Columbus Business First

A collegiate gossip Web site called "juicycampus.com" began at Duke University as a relatively harmless blog about relationships between college students and campus issues, promising anonymity for bloggers. It didn't take long for it to degrade into very explicit, personal and mean-spirited passages about individuals whose names were plastered over the Internet at many campuses.

John Marsh, a partner with Columbus law firm Hahn Loeser & Parks LLP, said the well-publicized incident clearly illustrates how Internet defamation is destructive to the unsuspecting. The same holds true for businesses. Companies, like individuals, may be subject to defamatory statements and must protect themselves, he said.

Marsh said he's had several clients who were confronted with competitors or former employees using the Internet - through blogs, Web sites or MySpace links - to disseminate false or defamatory information about those clients or their employees, or to disclose potentially proprietary or personal information. Unfortunately, he said, there's not much legal recourse for these situations, which are becoming more common.

"It's lurking in the consciousness of a lot of people," said Marsh.

It's a fascinating and developing area of law, he said, given the natural tension between balancing legitimate First Amendment protections against forms of speech that are injurious or proprietary. While legal options may be limited, there are steps companies can take immediately to protect themselves.

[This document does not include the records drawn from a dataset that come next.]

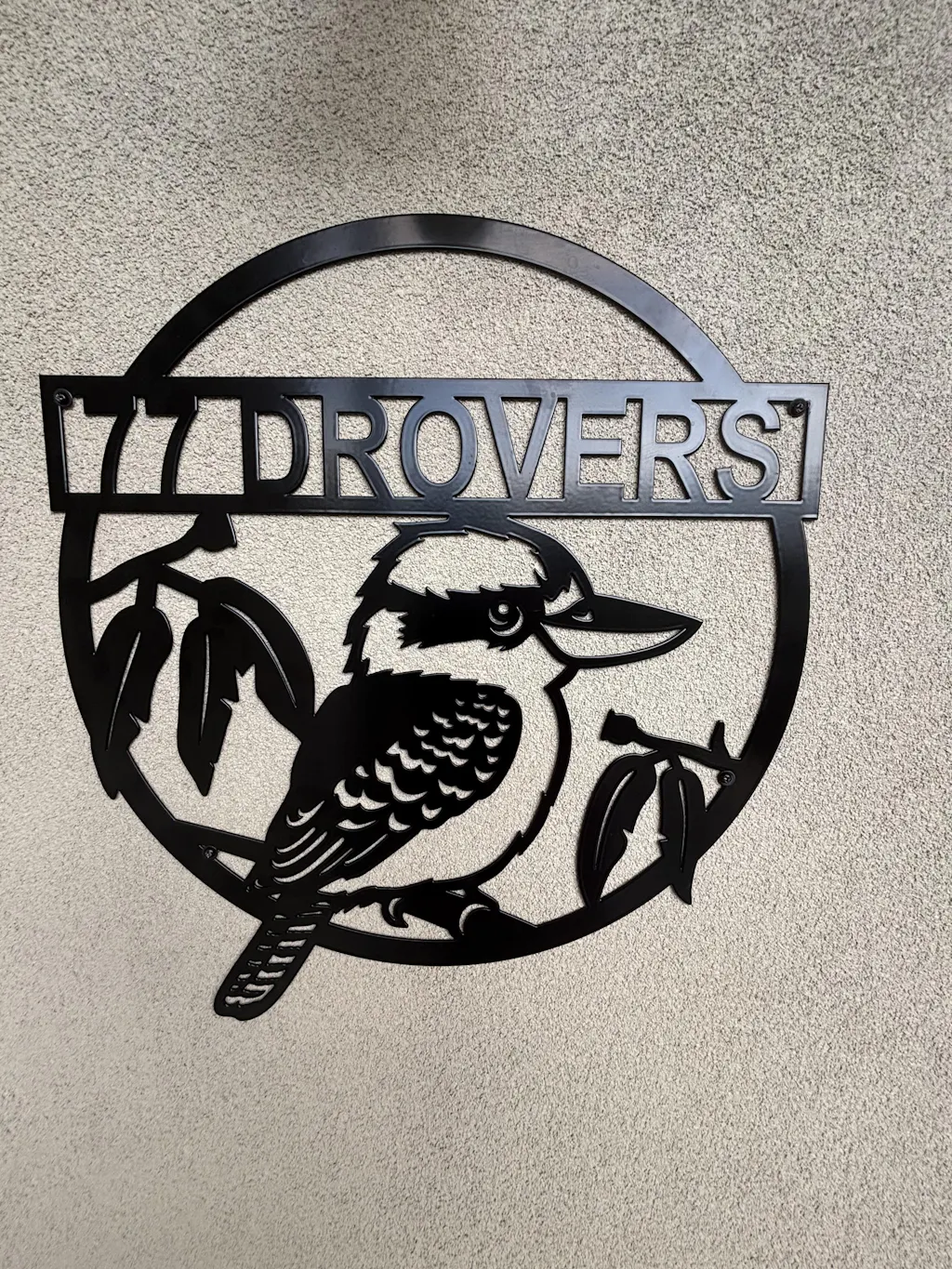 Welcome guests to your home with a touch of Australian charm with our custom Kookaburra Property Sign. This stunning laser-cut metal sign features a beautifully detailed kookaburra perched on a branch, surrounded by native foliage. Perfect for enhancing the visibility of your address or simply adding a warm, inviting touch to your entrance, this sign is both functional and decorative.
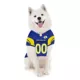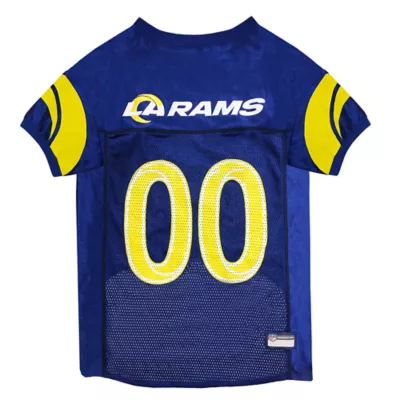 Let your four-legged friend show some love for her favorite football team with the Pets First NFL Player Los Angeles Rams Dog Jersey. She'll be ready for game day in this jersey which features the official team colors, team name and number on the back and the team logo on the front. Made from satin and breathable poly mesh, this jersey is comfortable, durable and stylish. It also has sporty stripes on the sleeves just like the pros! The NFL "property of" jock tag allows you to add a touch of style and personalization, because win or lose, she'll still be your MVP - Most Valuable Pet, that is!
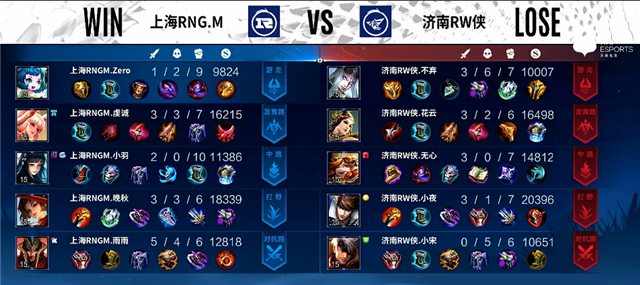 上海RNG.M禁用:鲁班大师、澜、孙膑、盾山
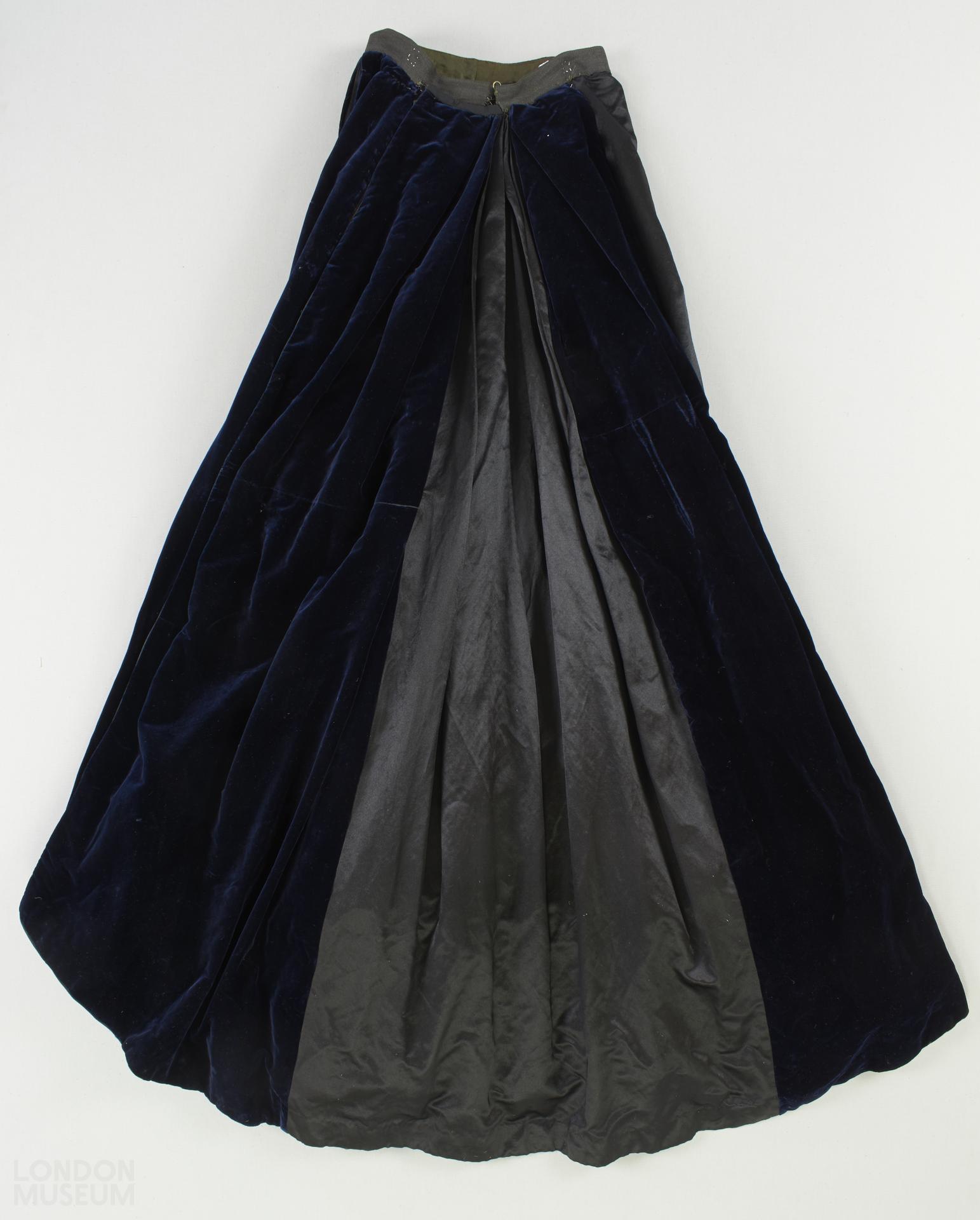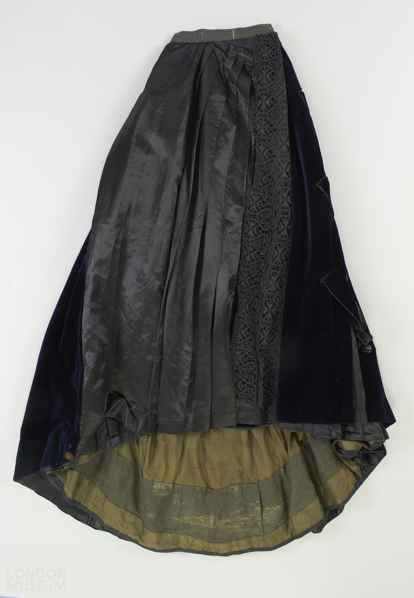 Dark navy velvet and black silk skirt with black cotton lace details down the front. Pleats over bustle in the back. Hooks and eyes for fastening at the waist. Velvet ribbon details at the back and side, with dangling beaded black balls.
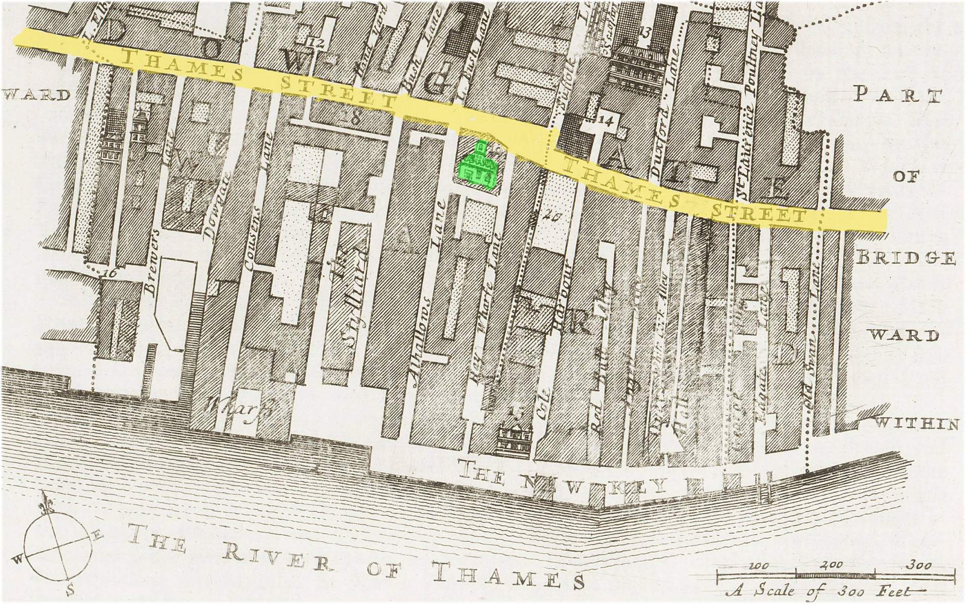 Thames Street was an important and very long thoroughfare which ran parallel to the warehouses, homes and other buildings on the north bank of the Thames between the Tower of London and Puddle Dock (south of the West End of St. Paul’s Cathedral).
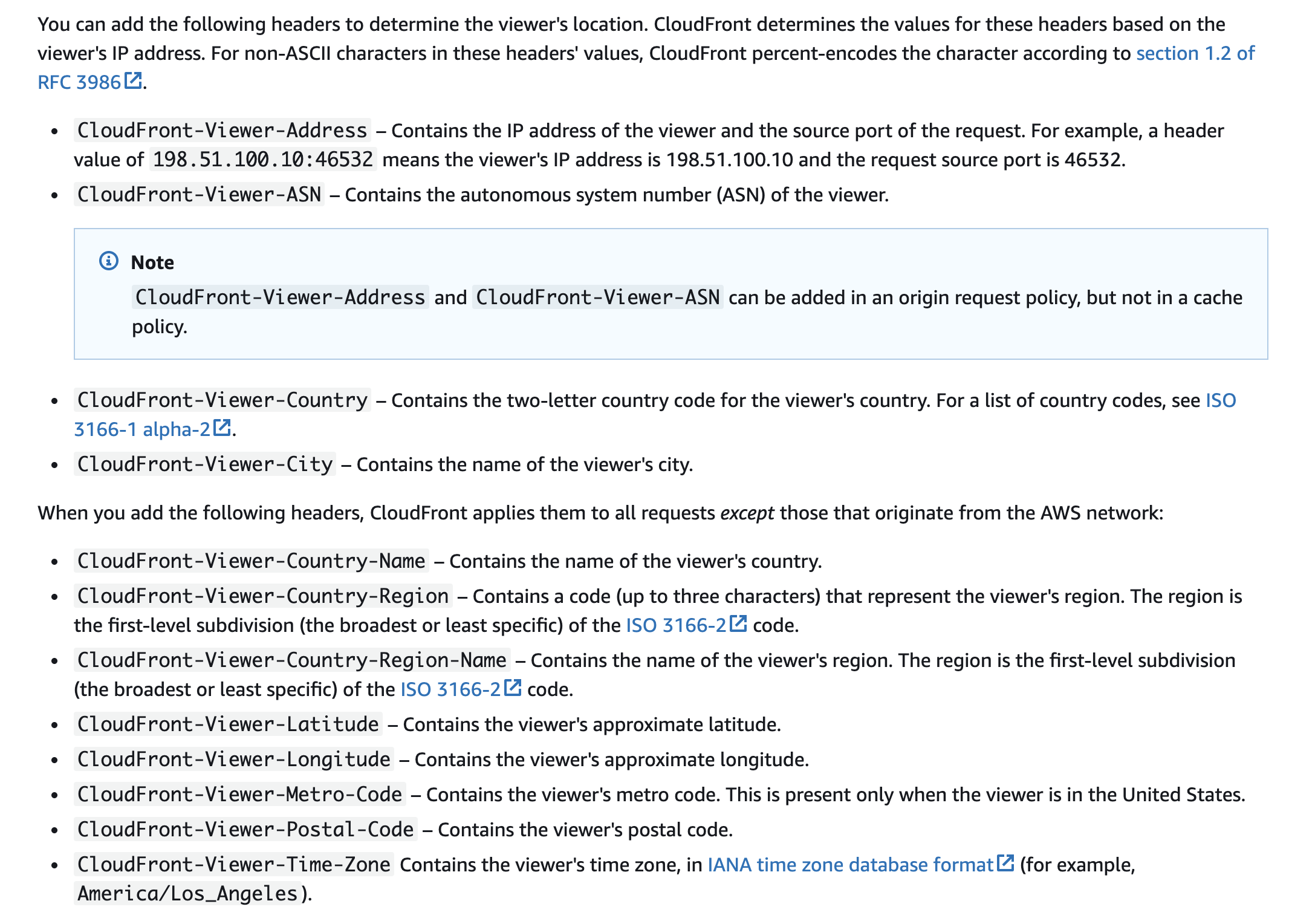 그러던 도중, HTTP 요청 헤더에서 유의미한 정보를 얻을 수 있었다. Amazon Cloudfront 문서 를 확인해 보면, 요청을 보낸 유저의 위치 정보를 대략적으로 확인할 수 있다.
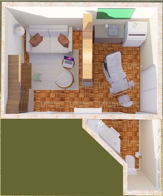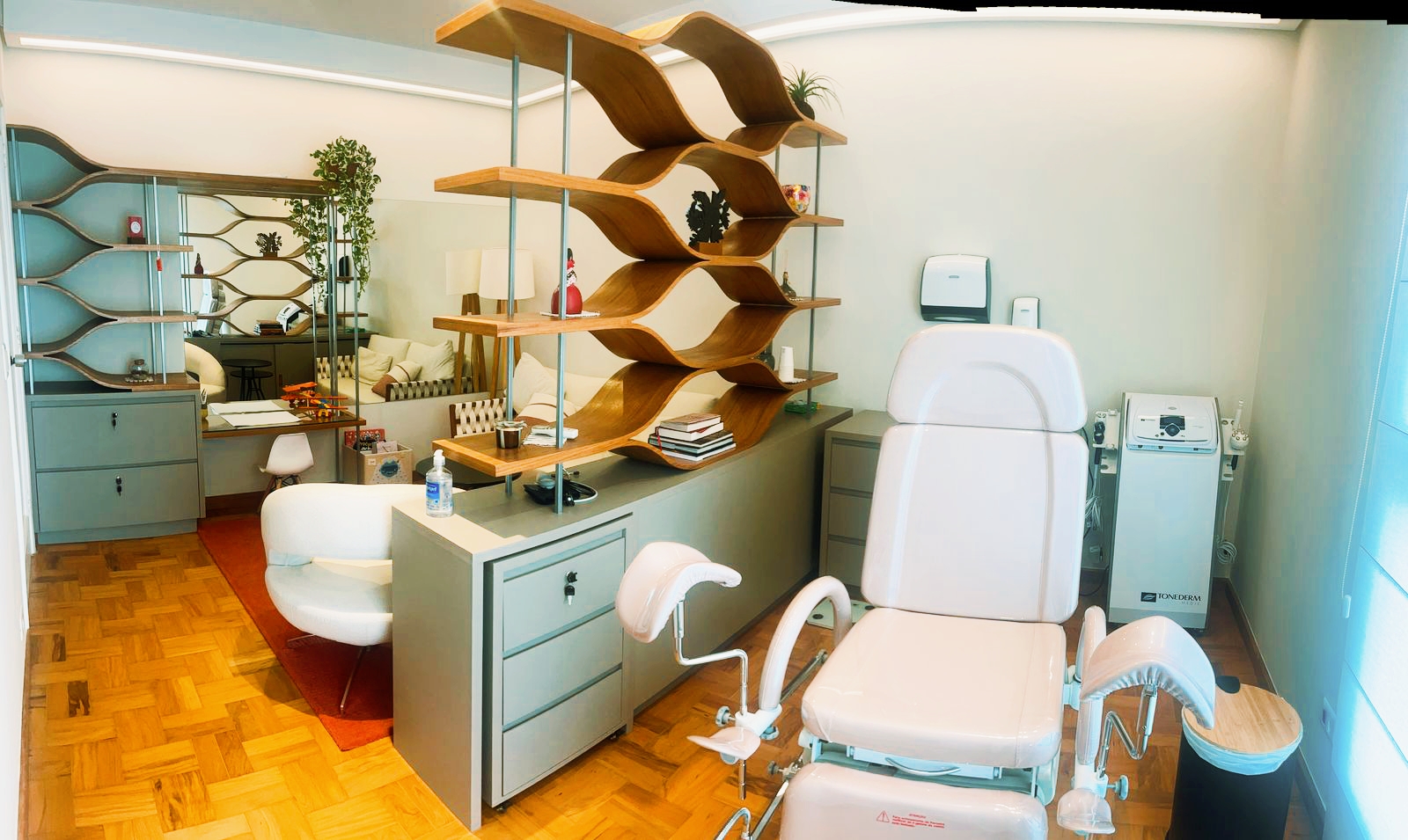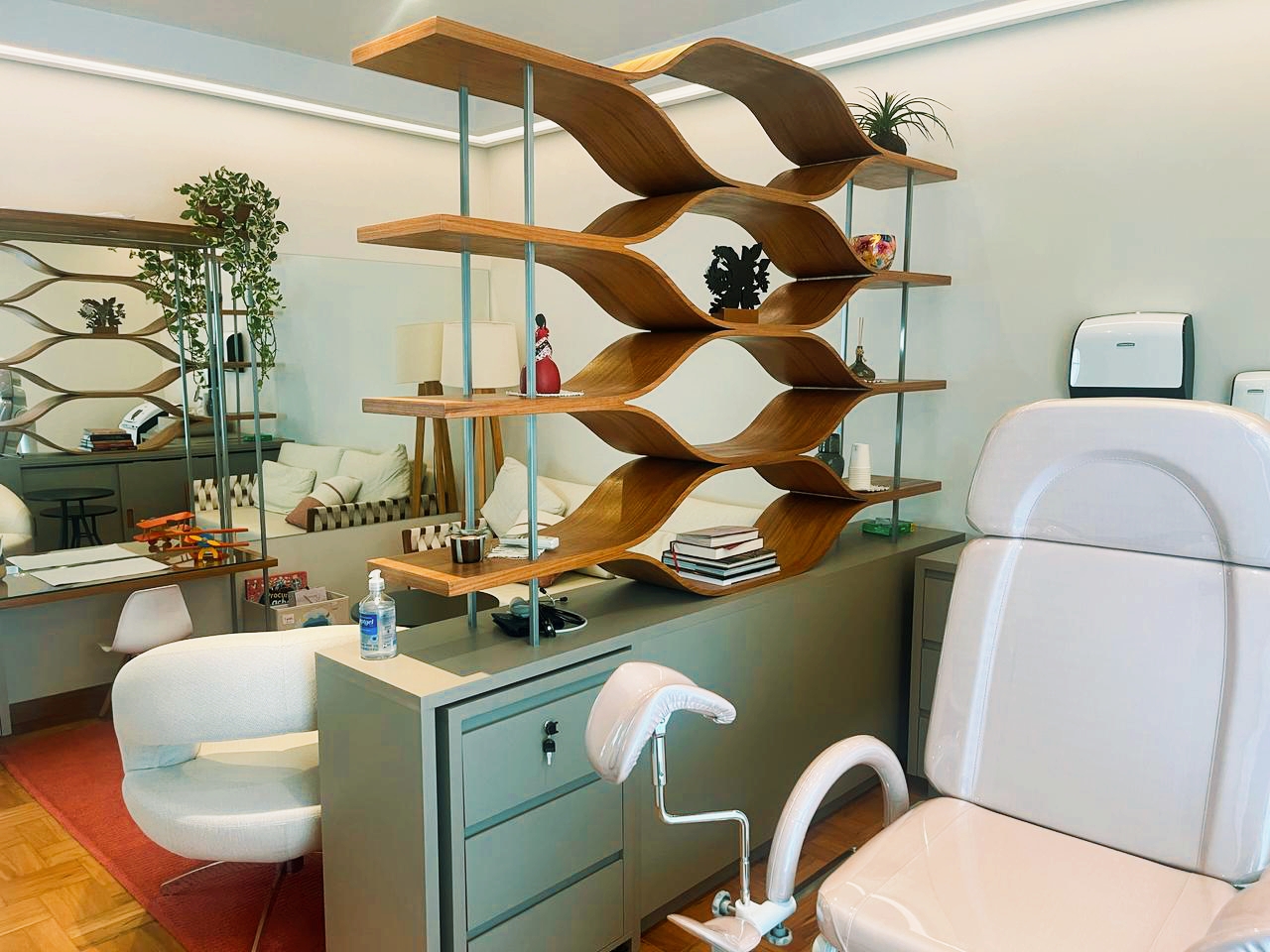O resultado é um ambiente que transcende a funcionalidade convencional de um consultório, transformando-se em um espaço de acolhimento e bem-estar.

The first is to define what information is confidential or proprietary and what information cannot be included in blogs, MySpace profiles or other Web sites.

"Such policies and procedures will enhance your credibility if and when a problem arises," said Marsh.

In the event of an Internet incident, Marsh's initial advice to anyone is to calm down, take a breath and play nice. "Try to exhaust informal means," he said.

Contact the appropriate administrator of the Web site or bulletin board and request removal of the information or to take down that particular site. If that doesn't work, litigation to prevent further dissemination may be necessary.

"That's where I come in," said Marsh.

Intent makes a difference

The identity of the blogger as well as the type of information disseminated will determine whether a court will issue a restraining order. A judge will want to know if the blogger is an existing or former employee, a whistleblower or a competitor, said Marsh. And, a judge will ask if the information is proprietary or trademark protected. Is the blog an attack on managers or private individuals bordering on defamatory, or is it information concerning legitimate issues of public safety or concern?

Generally, if the injured party can prove the information in question is protected or it is an attack on an individual, chances of court intervention are good, said Marsh. But, if the information is coming from a whistleblower who can prove it's true, or the information addresses a larger social issue, the courts may step out of the way.

Kegler Brown Hill & Ritter associate Brendan Feheley advises businesses to be open about blogging with their employees and, if possible, convince them to tell management about their blogs.

Sometimes inappropriate information is posted accidentally. If the employer has access to the blog, the employee can be asked to remove it. If the employee is posting negative information about the company, such as a wage complaint, Feheley suggests telling the employee the posting is hurting the company.

"You must make sure employees know what's confidential," he said.